Jasmine Tookes (born February 1, 1991) is an American model and former Victoria's Secret Angel.

Early life
Tookes was born and raised in Huntington Beach, California. She has a younger sister, who is 19 years her junior. She did gymnastics for ten years and was also active in volleyball and softball before she became a model at about the age of 15. Her mother is a celebrity fashion stylist. Tookes was discovered at one of her mother's showroom appointments.

She has described her ancestry as a mix of "African American, Brazilian, European, and West Indian".

Career

Tookes' first commercial ad campaigns were in 2010 for UGG Australia and Gap. Before breaking out on the international scene, she booked a Spring 2011 DKNY campaign and a layout in Vogue Italia. Models.com named Tookes as one of the top 10 new models in a September 27, 2011, fashion week post. Tookes was selected by Style as its top new model in November 2011 based on her work for the Spring Fashion Shows. She was one of eleven new models for the annual Victoria's Secret Fashion Show in 2012. The 2012 show was taped in November and broadcast on the CBS network on December 4. The night before the airing of the fashion show, Tookes and fellow Victoria's Secret models Behati Prinsloo and Jacquelyn Jablonski guest starred on the December 3 "Ha'awe Make Loa" episode of CBS' Hawaii Five-0. French Vogue named her as one of its 10 New faces from fall/winter 2012–2013 Fashion Week.

Tookes has appeared in editorials for Italian, American, French, German, and Spanish Vogue, Harper's Bazaar, Numéro, W, and V. her cover include Elle France February 2013, Vogue Espana March 2016 alongside her fellow Victoria's Secret Angels, Harper's Bazaar Vietnam July 2016 along with Elsa Hosk and Martha Hunt, Maxim Magazine February 2017, and also Elle USA May 2017.

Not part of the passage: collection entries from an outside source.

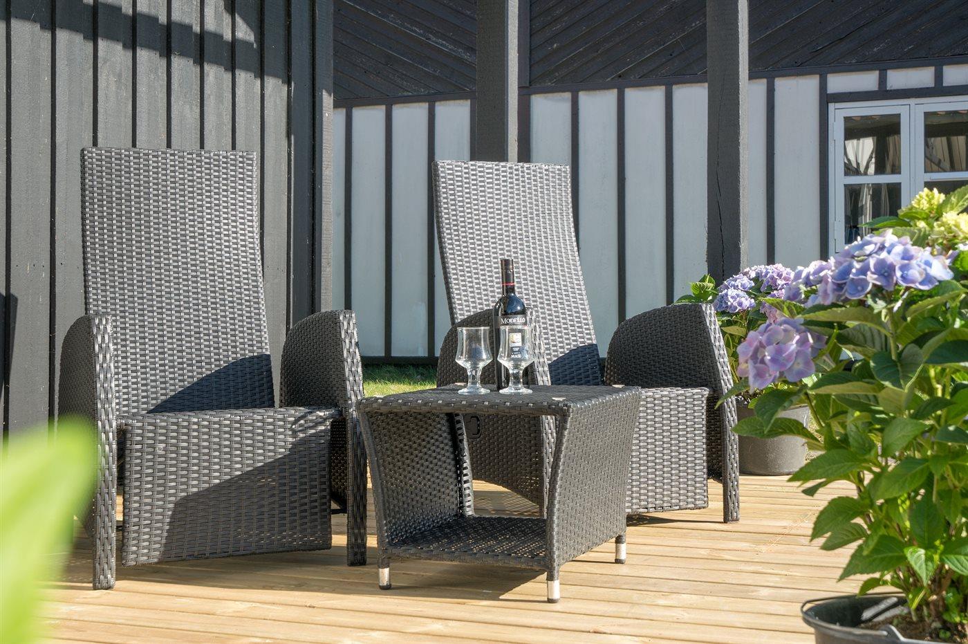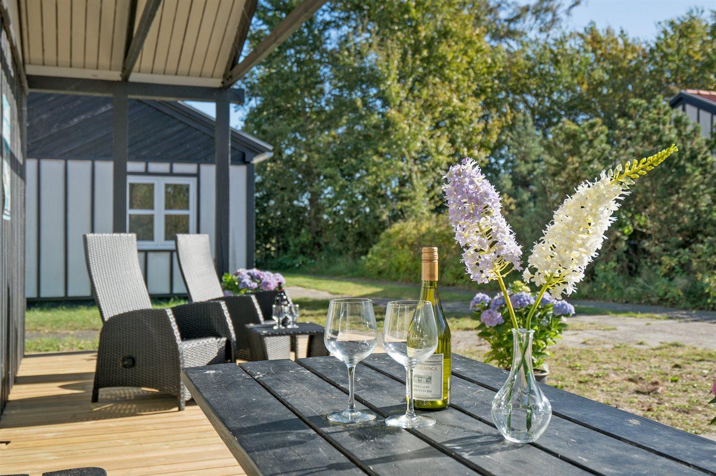 Ferieboligen er beliggende på en 100 m² stor naturgrund. Der er 55 m til havet. Nærmeste forretning er beliggende i en afstand af 300 m. Der er en golfbane i en afstand af 2500 m. Til ferieboligen hører 15 m² terrasseareal. Desuden er der 10 m² overdækket terrasse. Gratis fællesparkering 50-90 m fra huset.
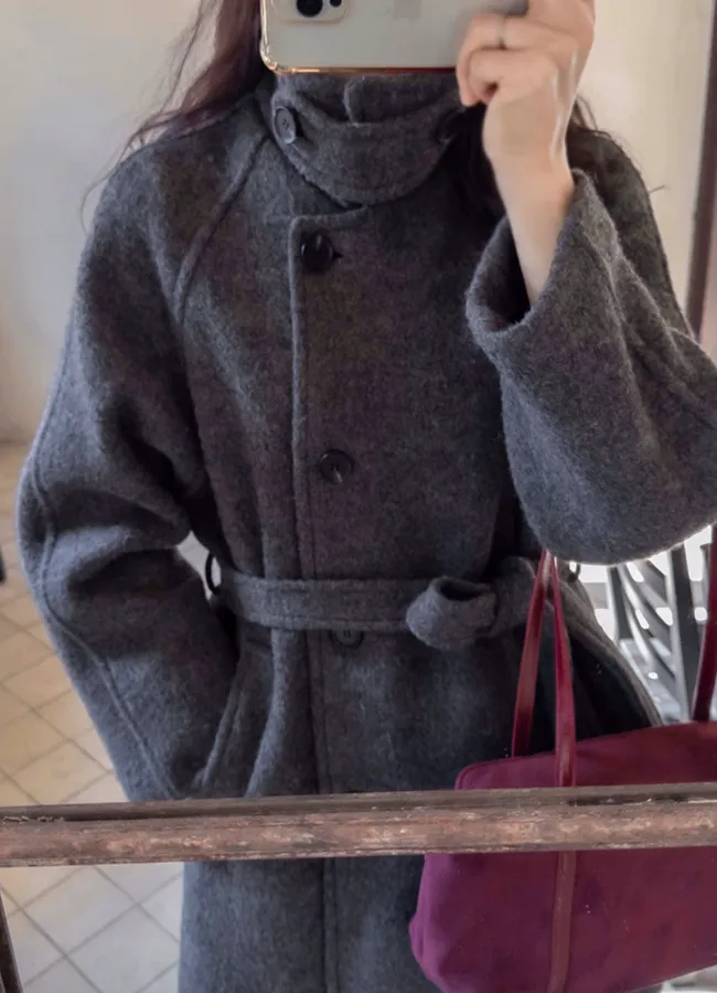 優雅剪裁領扣設計有腰帶質感半身長款羊毛外套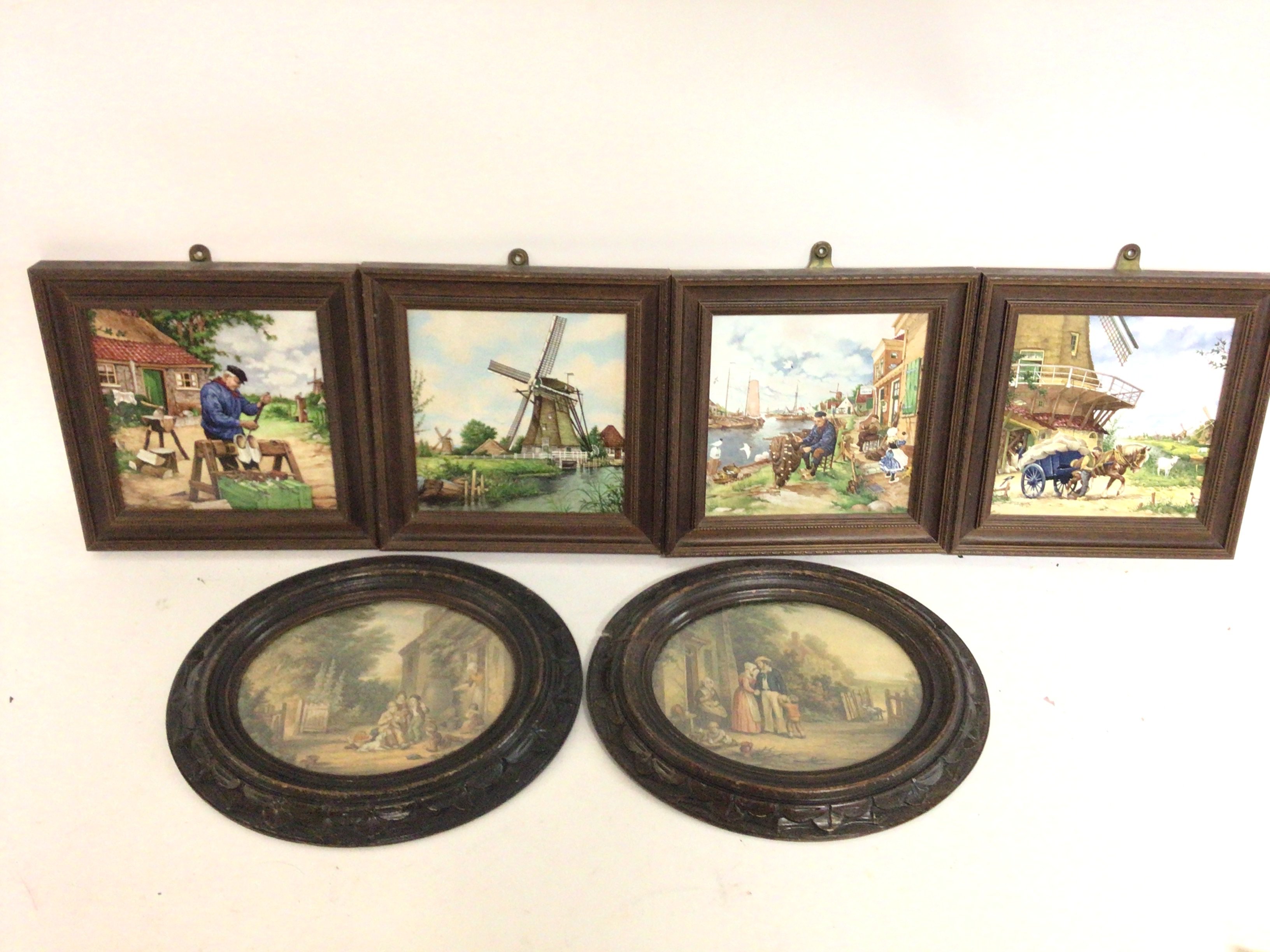 Framed Royal Mosa porcelain tiles and oval 19th century style Prints. This lot cannot be posted. NO RESERVE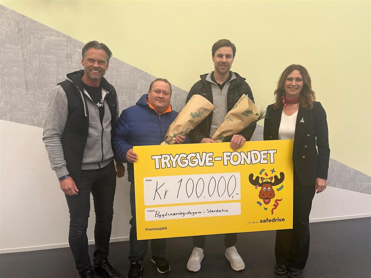 2 x 100 000 som takk for trafikksikker køyringHenning Flatjord har vunne 100 000 kroner for si trafikksikre køyring i september månad, og i tillegg får han høve til å gje ein tilsvarande sum til eitt eller fleire tiltak i sitt eige lokalsamfunn gjennom Tryggve-fondet. Bygdenæringsdagane i Stardalen er dei heldige. Tryggve-fondet er eit nasjonalt fond som:fremjar tryggare og betre lokalsamfunn.skapar engasjement blant barn og unge.skapar sosiale møteplassar som motverkar utanforskap.støttar frivilligheita, kulturlivet og idretten.bidreg til tryggare trafikk og ferdsel deler ut støtte til lag og organisasjonar som bidreg til auka inkludering og tryggare lokalsamfunn.For september månad kåra dei Henning Flatjord, som bur i Befringsvegen på Skei, som vinnar. Henning har vunne 100 000 kroner for si trafikksikre køyring i september månad, og i tillegg får han høve til å gje ein tilsvarande sum til eitt eller fleire tiltak i sitt eige lokalsamfunn. Han valde Bygdenæringsdagane i Stardalen. Onsdag 17. desember blei sjekken delt ut på rådhuset.Les meir om Tryggve-fondet Sist endra 17.12.2025 16.19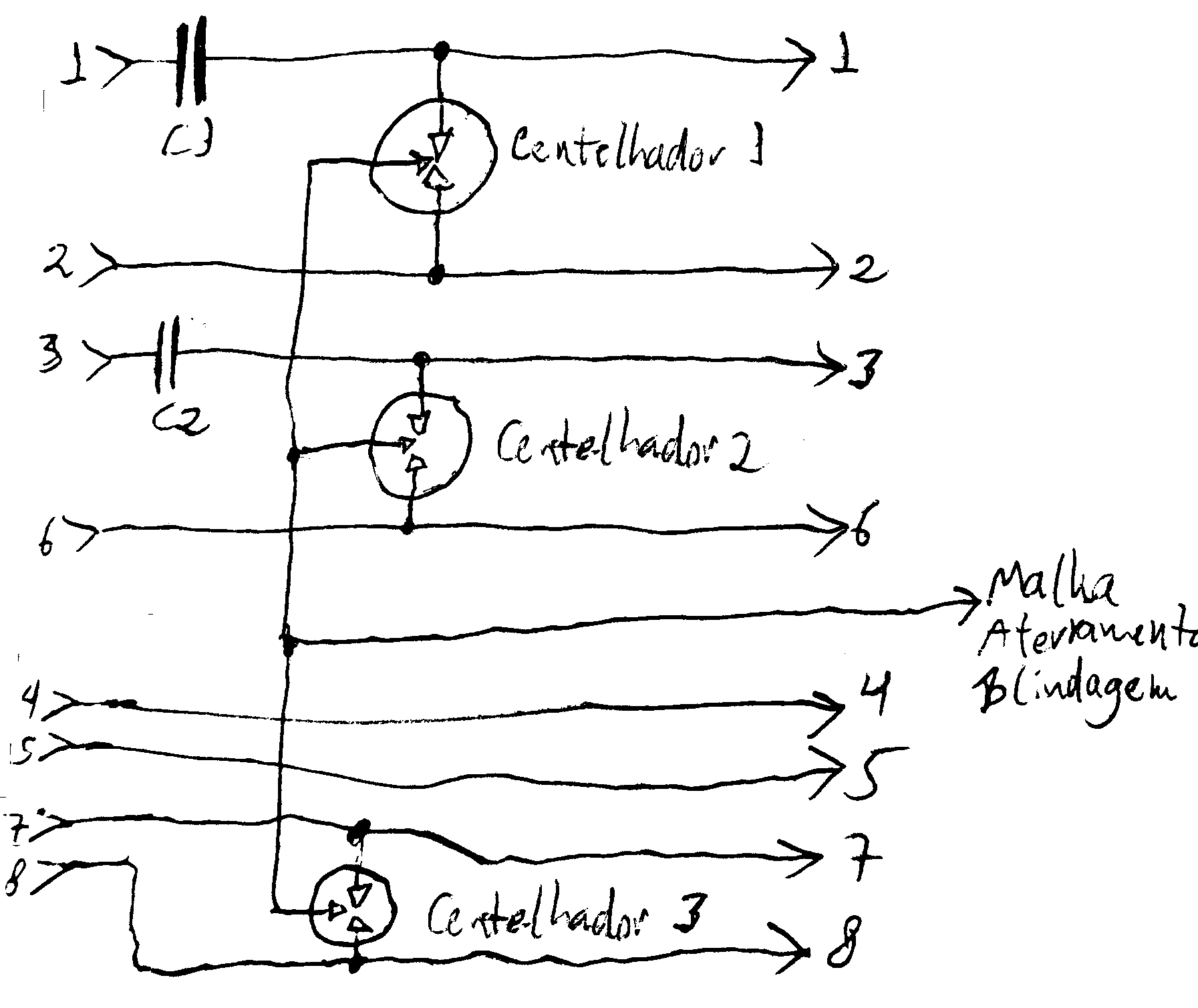 Nota o aterramento. O RJ45 é com aterrament e o pino central de cada centelhador vai pra ele, metade da proteção vem dos centelhadores e a outra metade vem do que eles mandam pra terra, ou seja, precisa aterramento (Pode ser coisa boba tipo 1 haste em solo úmido, não precisa grandes coisas se for pra proteger coisa simples tipo CPE de cliente)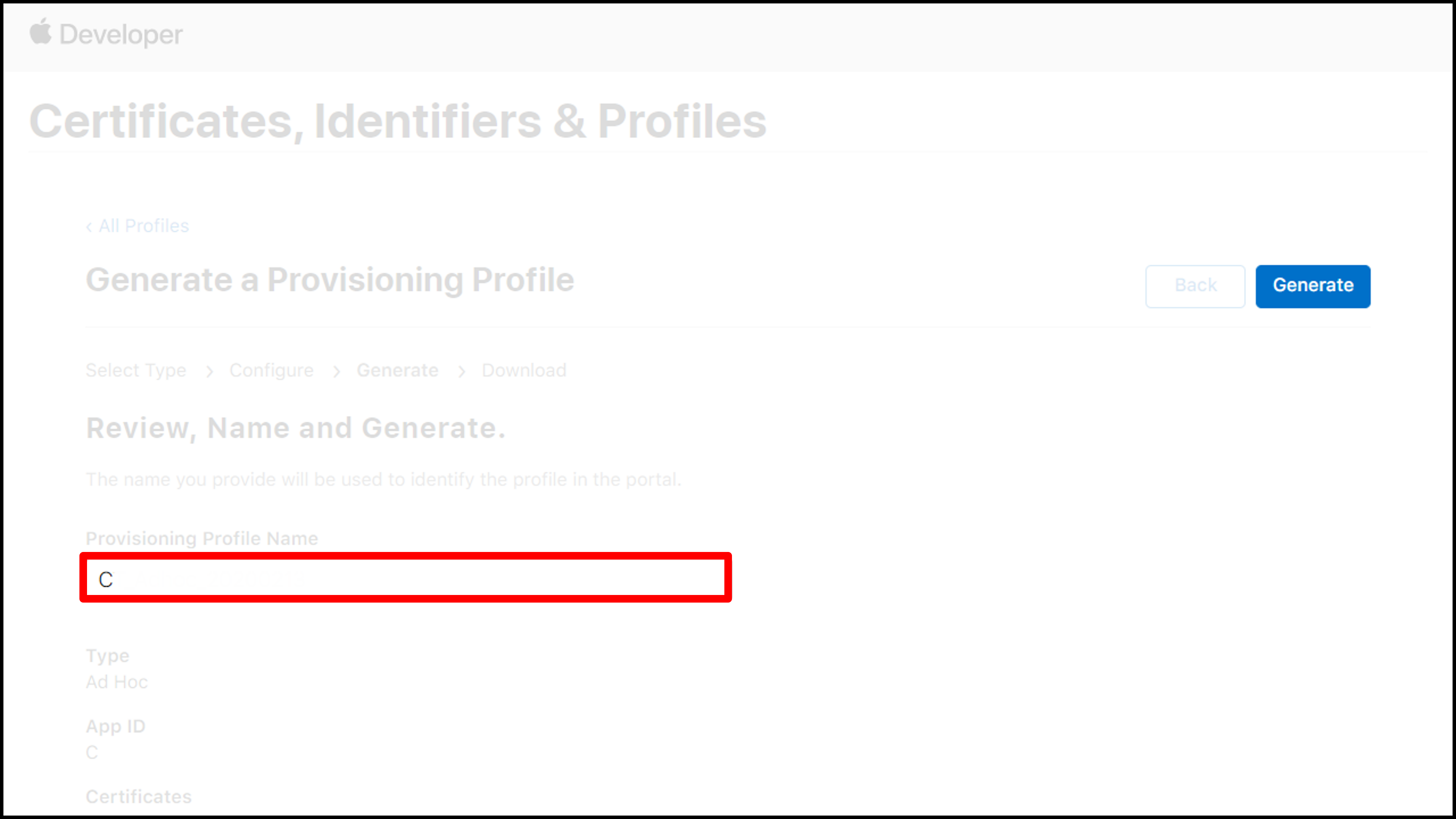 마지막으로 Provisioning Profile Name을 입력하고 우측의 ‘Generate’를 클릭합니다.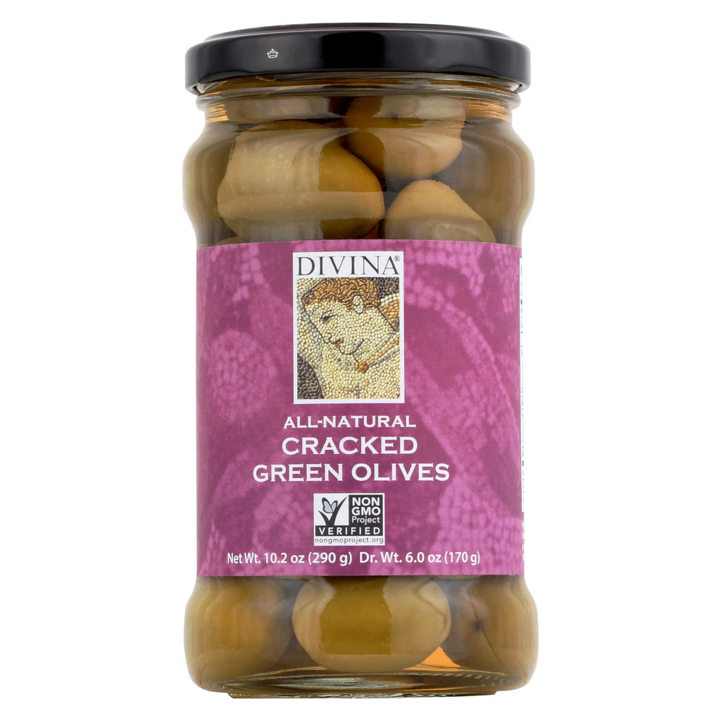 Divina Cracked Green Olives - Case Of 6 - 6.14 Oz.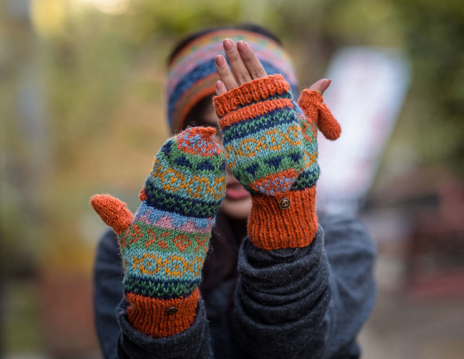 These are Orange Pure and Soft Woolen Mittens which are convertible to Full length Mittens covering the full hand and also as half fingered texting gloves. The upper covers of the mittens can be folded back and buttoned to keep it as half finger gloves. The mittens are equipped with fleece lining for extra warmth and to avoid scratchiness.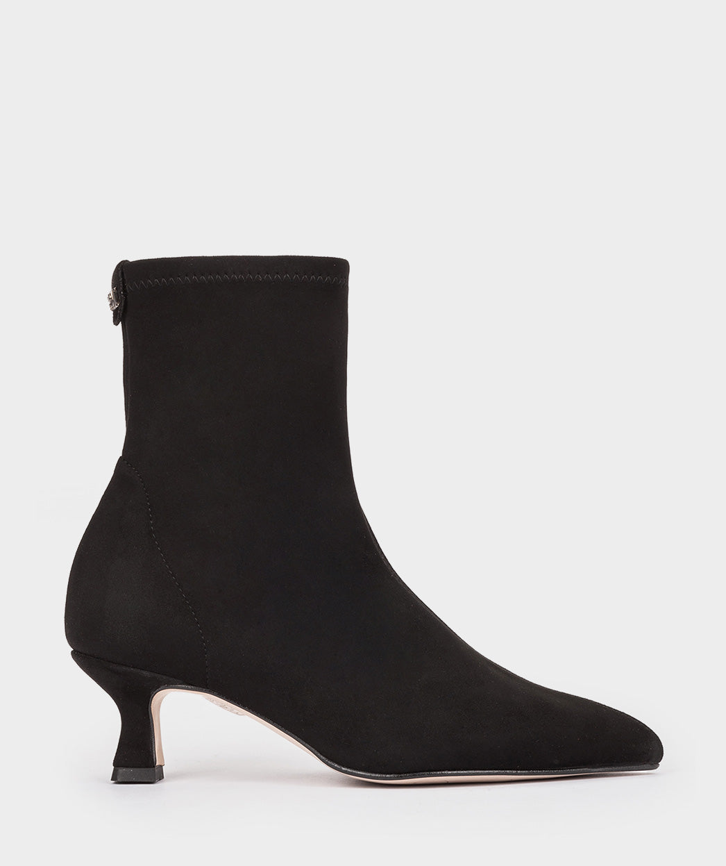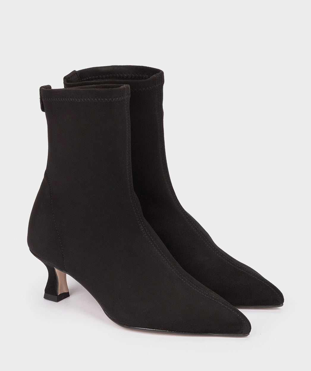 Botim em tecido elástico com efeito camurça preta. Este material vai se adaptar ao seu pé e vai apoiá-lo o dia todo, sua ponta pontiaguda vai estilizar todos os seus looks.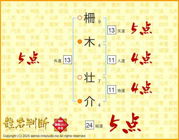 あなたの人生を表す1番重要な運勢です。生涯を通じて影響する総合運となり、主に50歳以降の晩年期に影響を及ぼします。苗字と名前の合計画数。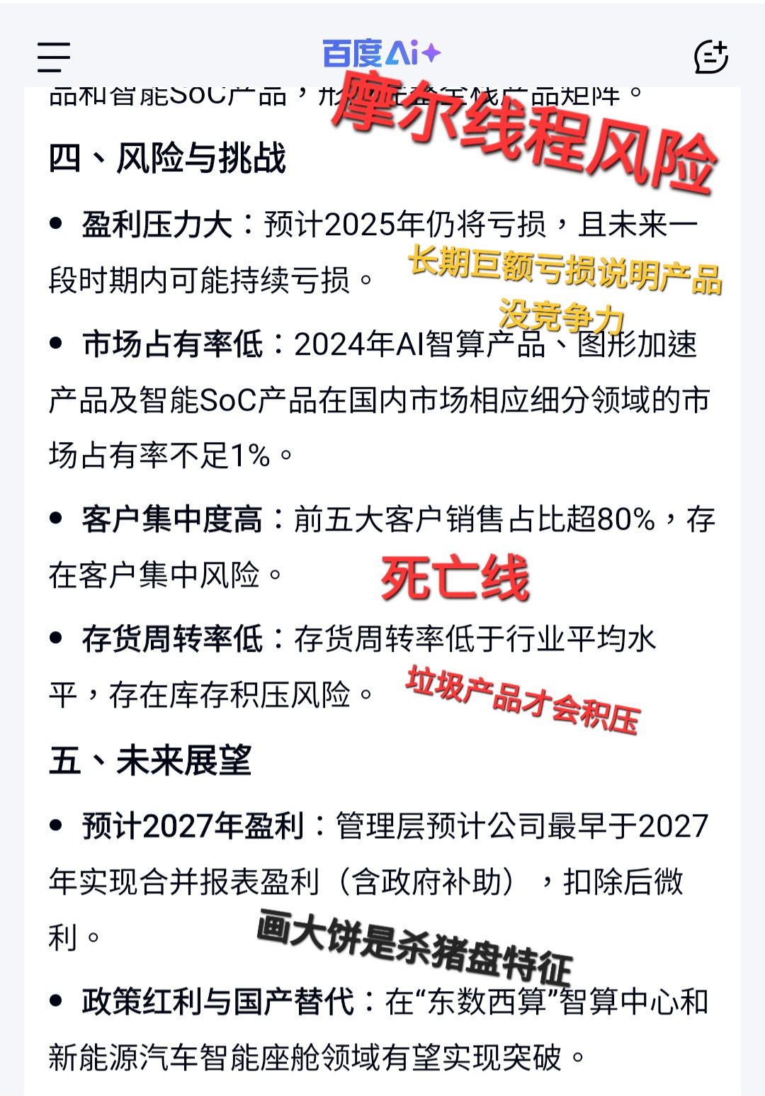 $摩尔线程-U(SH688795)$ 摩尔线程高分险分析。。产品单一挤压说明没有创新能力,长期亏损更说明在挣扎。。没有光刻机不可能造1供不应求的高阶芯片。更不可能有市站率。客户单一说明风险高,说经营能力差。。。10元都不值

She has walked the runways for Burberry, Salvatore Ferragamo, Carolina Herrera, Moschino, Ralph Lauren, DKNY, Shiatzy Chen, Herve Leger, Ermanno Scervino, Giorgio Armani, Philipp Plein, Missoni, Jason Wu, Alberta Ferretti, Emilio Pucci, Balmain, Marc Jacobs, Oscar de la Renta, Giambattista Valli, Vera Wang, Calvin Klein, Tom Ford, Yves Saint Laurent, Trussardi, Marchesa, Tory Burch, Dolce & Gabbana, Stella McCartney, Paco Rabanne, Helmut Lang, Louis Vuitton, DSquared2, Tommy Hilfiger, Calvin Klein, Tom Ford, Prada, Jill Stuart, rag+bone, Miu Miu and Versace.

She and fellow VS Angel Josephine Skriver co-founded JOJA, an active-wear company. 

She has appeared in advertising campaigns for Bobbi Brown Cosmetics, Jimmy Choo, Calvin Klein, Lancôme, DKNY, Ralph Lauren, Kate Spade, Gap, Ugg, and Victoria's Secret. In 2015, she became a Victoria's Secret Angel. Tookes was selected to wear the Victoria's Secret Fashion Show Fantasy Bra (worth $3 million in 2016) at the 2016 show, which was held in Paris, France, which made her the 3rd black model to wear the bra. Tookes made her debut at No. 17 on Forbes "The World's Highest Paid Models" list in 2016, with estimated earnings of $4 million.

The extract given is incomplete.